The exact chemical name of cytosine is 4-amino-1H-pyrimidin-2-one because the amino group of the nucleic base is located at the fourth standard position of a scaffold of pyrimidine. Pyrimidine is a molecule whose structure is formed by a six-membered ring with two nitrogen atoms. An oxygen atom occupies the second position. Pyrimidine is an inorganic particle; it serves as the basis for numerous other constructs such as cytosine, in which it represents an important building block. Cytosine is only partially soluble in ethanol and water. Its normal physical state is solid, with a melting point of 320 to 325 °C. Cytosine is thus one of the more robust chemical compounds. In its pure form, the nucleic base must be labeled “irritant” because it can irritate mucous membranes and cause inflammation. However, cytosine elicits this reaction only in unnatural concentrations, such as do not occur in nature and are produced only by artificial biochemical synthesis.
Function, action, and roles
Cytosine is one of the four nucleic bases that, together with sugar molecules, form DNA (deoxyribonucleic acid) and the similar RNA (ribonucleic acid). Cytosine thus plays an important role in the storage of hereditary information, which is responsible for the control of cells as well as heredity. DNA consists of long chains of so-called nucleotides. In order for the building block cytosine to become a nucleotide, it must combine with other building blocks. The nucleotide consists of a sugar molecule, a phosphate acid and a base. In human DNA, the sugar molecule is a so-called pentose; the name pentose refers to the pentagonal structure of the sugar.
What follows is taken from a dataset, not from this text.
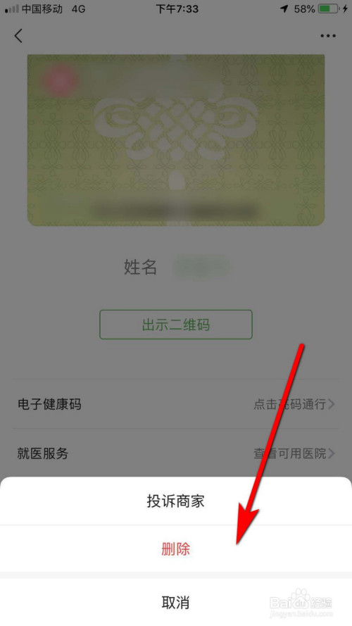 在睁开的菜单中找到删除,点击删除即可完当作刊出删除健康码
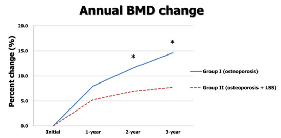 As both osteoporosis and LSS occur in elderly patients, the number of comorbid cases has been increasing. In a cross-sectional study, Lee et al. reported that osteoporosis or osteopenia was found in 79.2% of postmenopausal patients complaining of symptomatic LSS [19]. LSS causes various neuropathic symptoms and decreases the patient’s physical activity [9,20]. In our previous study, we demonstrated that BMD increases in only the osteoporosis group were greater than those of both the osteoporosis and LSS group for initially diagnosed osteoporosis treated with ibandronate [10]. In addition, only symptomatic LSS was a risk factor in the inhibiting persistent increase in BMD in the multivariate analysis. The results of the present study using three BPs are consistent with our previous study [10]. The annual increases in BMD were significantly greater in group I than those in group II (0.29 vs. 0.19 at one year; 0.13 vs. 0.06 at two years; 0.11 vs. 0.04 at three years). The total increase in BMD over three years was also significantly greater in group I (0.53 vs. 0.28). We suggested the mechanisms in a previous study. LSS causes neurologic claudication and decreases physical activity. Physical inactivity or walking difficulty due to claudication may be related to decreased BMD [21]. Physical activities can induce maintenance or increase BMD through a physical axial load. Therefore, active treatments for LSS should be undertaken to increase physical activity and BMD in patients with osteoporosis and LSS.

Special enzymes read the DNA in the cell nucleus and make a copy, which then passes out of the nucleus. There it is read again by other enzymes and translated into proteins. Biology therefore refers to this process as translation. During translation, the enzyme responsible selects the appropriate protein molecule for each code, which consists of three base pairs, and forms long chains from them. Cytosine forms a so-called base pair together with guanine, another nucleic base. The two DNA building blocks can form a bond with each other like two pieces of a puzzle – but not with the other two nucleic bases, thymine and adenine. Cytosine and guanine combine with the aid of a hydrogen bridge and can dissolve this again by splitting off hydrogen. Thymine is also a pyrimidine base based on the six-membered ring. All living organisms share these basic principles of inheritance and are based on the same basic genetic material. It is only the sequence of base pairs that determines which organism emerges from the genetic code, what shape it takes, and what functions it can perform.
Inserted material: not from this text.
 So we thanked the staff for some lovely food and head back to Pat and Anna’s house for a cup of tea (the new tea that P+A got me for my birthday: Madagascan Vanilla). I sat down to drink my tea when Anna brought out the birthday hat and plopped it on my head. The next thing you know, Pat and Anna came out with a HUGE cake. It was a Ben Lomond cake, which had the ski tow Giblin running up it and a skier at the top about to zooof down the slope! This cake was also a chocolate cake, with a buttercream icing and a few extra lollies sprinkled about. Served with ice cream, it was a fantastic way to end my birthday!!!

Formation, occurrence and properties
Cytosine is formed from pyrimidine. This substance represents a six-membered ring with two nitrogen atoms. An NH2 group attaches to the pyrimidine with a single bond, as well as a single oxygen molecule with a double bond. In addition, a hydrogen atom attaches to one of the two nitrogen atoms of the pyrimidine ring. The natural sciences distinguish between two forms of cytosine, the tautomers. In addition to the H1 tautomer, another form of cytosine exists, the 3H tautomer. H1 tautomer and H3 tautomer differ from each other in that the various additional groups attach to different positions on the pyrimidine ring. The H1 variant occurs more frequently. There is no optimum value for cytosine; how frequently cytosine occurs in the human body depends on various factors. However, because it is found in the nucleus of every single cell, it occurs very frequently.
Diseases and disorders
Cytosine is a building block of DNA and determines the basic mechanisms of life by its place in the sequence of the genetic code along with three other bases. Accordingly, life without cytosine is not possible.For example, if sufficient basic substances from which cytosine is formed were not available during a very early phase of pregnancy, further development of the embryo would not be possible even at the stage of individual cells. A complete absence of cytosine in a living organism is therefore unthinkable. Cytosine consists of atoms that are very abundant. A deficiency as a result of inadequate nutrition is therefore also extremely unlikely. The body cell can swap cytosine, like all other bases, with another base due to errors in copying the DNA (transcription). This is a mutation, as a result of which the enzymes within the cells form incorrect protein chains. These proteins have no or only limited functionality or achieve a different effect than intended. As a result, they disrupt the regulated processes of the organism. In myoadenylate deaminase deficiency (MAD deficiency or MADD), for example, the genetic code of the AMPD1 gene has an error. At position 34 of exon 2, there should actually be cytosine; however, due to a gene defect, this position is mistakenly occupied by the nucleotide thymine. This small change has drastic effects: The code now signals “stop” at this position, which is why the enzymes synthesize only an incomplete protein during translation. As a result, MADD manifests a metabolic disorder of the skeletal muscles. It causes muscle symptoms such as cramps, weakness, and pain.